Here's a simple example. Assuming Foo is the result of processing a file:

public List<Foo> processFiles(Iterable<File> files){
    List<Future<Foo>> futures = new ArrayList<Future<Foo>>();
    ExecutorService exec = Executors.newFixedThreadPool(
        Runtime.getRuntime().availableProcessors());
    for (File f : files){
        final byte[] bytes = readAllBytes(f); // defined elsewhere
        futures.add(exec.submit(new Callable<Foo>(){
            public Foo call(){
                InputStream in = new ByteArrayInputStream(bytes);
                // Read a Foo object from "in" and return it
            }
        }));
    }
    List<Foo> foos = new List<Foo>(futures.size());
    for (Future<Foo> f : futures) foos.add(f.get());
    exec.shutdown();
    return foos;
}

TODO: Add exception handling etc. You may also want to instantiate the ExecutorService outside of processFiles so you can reuse it between calls.

paxdiablo · Answer 2 · 2009-09-18T09:02:49.163

The best way I know of doing it (in any language, not just Java) is to use a producer/multi-consumer paradigm.

Have one thread create a queue then start up N other threads. This main thread will then enumerate all the files and place their names on that queue. Then it will place N end-of-queue markers on the queue.

The "other" threads simply read the next name off that queue and process the file. When they read off a end-of-queue marker, they exit (and the main thread can reap their exit status if need be).

This simplifies the communication between threads to the queue (which should, of course, be protected by a mutex so as to not cause race conditions with all the threads). It also allows the threads to control their own exit condition (under direction from the main thread), another good way to to avoid certain multi-threading problems.

Chad Okere · Answer 3 · 2009-09-18T08:15:15.187

Here's how I usually do it.

You can create a blocking Queue like this:

 LinkedBlockingQueue<String> files;
 files = new LinkedBlockingQueue<String>(1000); 
 AtomicBoolean done = new AtomicBoolean(false);

The queue can only hold 1000 elements, so if you some how have a billion files or whatever, you don't have to worry about running out of memory. You can change the size to whatever you want based on how much memory you want to take up.

In your main thread you do something like:

File directory = new File("path\to\folder");
for(File file : directory.listFiles()){
   files.put(file.getAbsolutePath());
}
files.put(null);//this last entry tells the worker threads to stop

The put function blocks until space becomes available in the queue, so if you fill up the files will stop reading. Of course, because File.listFiles() actually returns an array, rather then a Collection that doesn't need to be loaded entirely into memory, you still end up to loading a complete list of files into memory if you use this function. If that ends up being a problem, I guess you'll have to do something else.
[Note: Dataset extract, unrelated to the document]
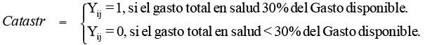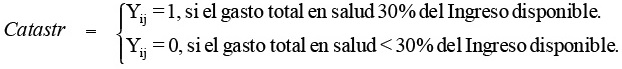 En el modelo que estima la probabilidad de incurrir en gastos catastróficos, se asume que el gasto catastrófico es un evento que ocurre cuando los desembolsos en salud, como proporción del gasto total del hogar, son mayores o igual a 0.3 (OMS, 2000). La incidencia de esta condición es agravada cuando los hogares no poseen algún tipo de seguro; lo que provoca que sean ellos los que financien las consecuencias económicas de una enfermedad y en algunas ocasiones este gasto los orille a perder parte de su patrimonio o bien que se endeuden. La ocurrencia de este evento implica para las familias o los individuos hacer sustituciones entre los distintos rubros de gasto general y el gasto en salud, lo que resulta en cambios en su patrón de consumo. Así, la probabilidad de incurrir en gasto catastrófico está en función de la condición de aseguramiento, es decir si el individuo forma parte del sistema nacional de salud, más una serie de características sociales, económicos o demográficas, propias de los hogares como son la proporción de niños y adultos mayores, pues el estado de salud de éstos es más delicado que el de otros grupos de edad; otros factores muy importantes son el acervo de riqueza o activos del hogar; la zona de residencia.

But this model also works if you have some other method of listing files (for example if they're all in a database, or whatever) Just replace the call to directory.listFiles() with whatever you use to get your file list. Also, if you have to process files in sub directories, you'll have to go through them recursively, which can be annoying (but this gets around the memory issue for extreemly large directories)

then in your worker threads:

public void run(){
   while(!done.get()){
      String filename = files.take();
      if(filename != null){
         //do stuff with your file.   
      }
      else{
        done.set(true);//signal to the other threads that we found the final element.
      }
   }
}

If all the files in the queue have been processed, take will wait until new elements show up.

That's the basic idea anyway, this code is off the top of my head and hasn't been tested exactly as is.

`files.put(null);` will give you a null pointer exception as per the specs — VHS, Aug 16 '17 at 02:47

score 1 · Answer 4 · answered Aug 31 '17 at 20:22

With Java 8, you can easily achieve this using parallel streams. See the following code snippet:

    try {
        Files.walk(Paths.get("some-path")).parallel().forEach(file -> {/*do your processing*/});
    } catch (IOException e1) {
        e1.printStackTrace();
    }

With parallel stream, the run time will spawn the required number of threads, not exceeding the number of CPU logical cores, to process the collection elements, files in our case, in parallel. You can also control the number of threads by passing it as a JVM argument.

The advantage of this approach is that you don't have to really do any low level work of creating and maintaining threads. You just focus on your high level problem.

score 0 · Answer 5 · answered Sep 18 '09 at 05:52

A lot of the leg work has been done for you in the Java Concurrency classes. You probably want something like ConcurrentLinkedQueue.

An unbounded thread-safe queue based on linked nodes. This queue orders elements FIFO (first-in-first-out). The head of the queue is that element that has been on the queue the longest time. The tail of the queue is that element that has been on the queue the shortest time. New elements are inserted at the tail of the queue, and the queue retrieval operations obtain elements at the head of the queue. A ConcurrentLinkedQueue is an appropriate choice when many threads will share access to a common collection.

You use the offer() method to put entries on the queue, either in the main thread or a separate thread. Then you have a bunch of worker bees (ideally created in something like ExecutorService) that use the poll() method to pull the next entry out of the queue and process it.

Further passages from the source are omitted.